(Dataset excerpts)
"""

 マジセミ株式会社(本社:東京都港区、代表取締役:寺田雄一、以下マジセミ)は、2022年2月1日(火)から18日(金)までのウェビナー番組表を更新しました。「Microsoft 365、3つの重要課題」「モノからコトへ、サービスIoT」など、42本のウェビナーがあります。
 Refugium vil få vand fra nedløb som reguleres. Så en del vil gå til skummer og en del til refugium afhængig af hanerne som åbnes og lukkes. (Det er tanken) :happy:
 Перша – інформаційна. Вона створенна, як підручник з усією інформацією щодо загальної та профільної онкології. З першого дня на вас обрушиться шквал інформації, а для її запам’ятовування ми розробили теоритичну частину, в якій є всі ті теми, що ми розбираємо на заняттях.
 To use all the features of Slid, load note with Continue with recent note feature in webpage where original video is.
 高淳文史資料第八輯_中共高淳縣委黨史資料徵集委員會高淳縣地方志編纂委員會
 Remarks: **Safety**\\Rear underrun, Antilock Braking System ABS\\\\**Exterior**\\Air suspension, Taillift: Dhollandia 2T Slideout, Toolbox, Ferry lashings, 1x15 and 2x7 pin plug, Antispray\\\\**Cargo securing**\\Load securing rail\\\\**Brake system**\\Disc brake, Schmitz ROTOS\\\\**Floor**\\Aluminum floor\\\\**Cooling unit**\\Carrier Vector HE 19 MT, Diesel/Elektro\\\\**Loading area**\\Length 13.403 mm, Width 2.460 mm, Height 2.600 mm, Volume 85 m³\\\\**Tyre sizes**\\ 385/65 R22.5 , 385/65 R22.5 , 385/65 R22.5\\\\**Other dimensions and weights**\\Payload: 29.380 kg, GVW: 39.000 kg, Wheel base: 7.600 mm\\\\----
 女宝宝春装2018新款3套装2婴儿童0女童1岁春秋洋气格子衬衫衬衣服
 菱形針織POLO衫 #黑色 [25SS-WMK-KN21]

"""

◆ What to work on
Transcribe the entries above word for word, from the first line through the line containing "高淳文史資料第八輯_中共高淳縣委黨史資料徵集委員會高淳縣地方志編纂委員會", and nothing else.

◆ Task answer
 マジセミ株式会社(本社:東京都港区、代表取締役:寺田雄一、以下マジセミ)は、2022年2月1日(火)から18日(金)までのウェビナー番組表を更新しました。「Microsoft 365、3つの重要課題」「モノからコトへ、サービスIoT」など、42本のウェビナーがあります。
 Refugium vil få vand fra nedløb som reguleres. Så en del vil gå til skummer og en del til refugium afhængig af hanerne som åbnes og lukkes. (Det er tanken) :happy:
 Перша – інформаційна. Вона створенна, як підручник з усією інформацією щодо загальної та профільної онкології. З першого дня на вас обрушиться шквал інформації, а для її запам’ятовування ми розробили теоритичну частину, в якій є всі ті теми, що ми розбираємо на заняттях.
 To use all the features of Slid, load note with Continue with recent note feature in webpage where original video is.
 高淳文史資料第八輯_中共高淳縣委黨史資料徵集委員會高淳縣地方志編纂委員會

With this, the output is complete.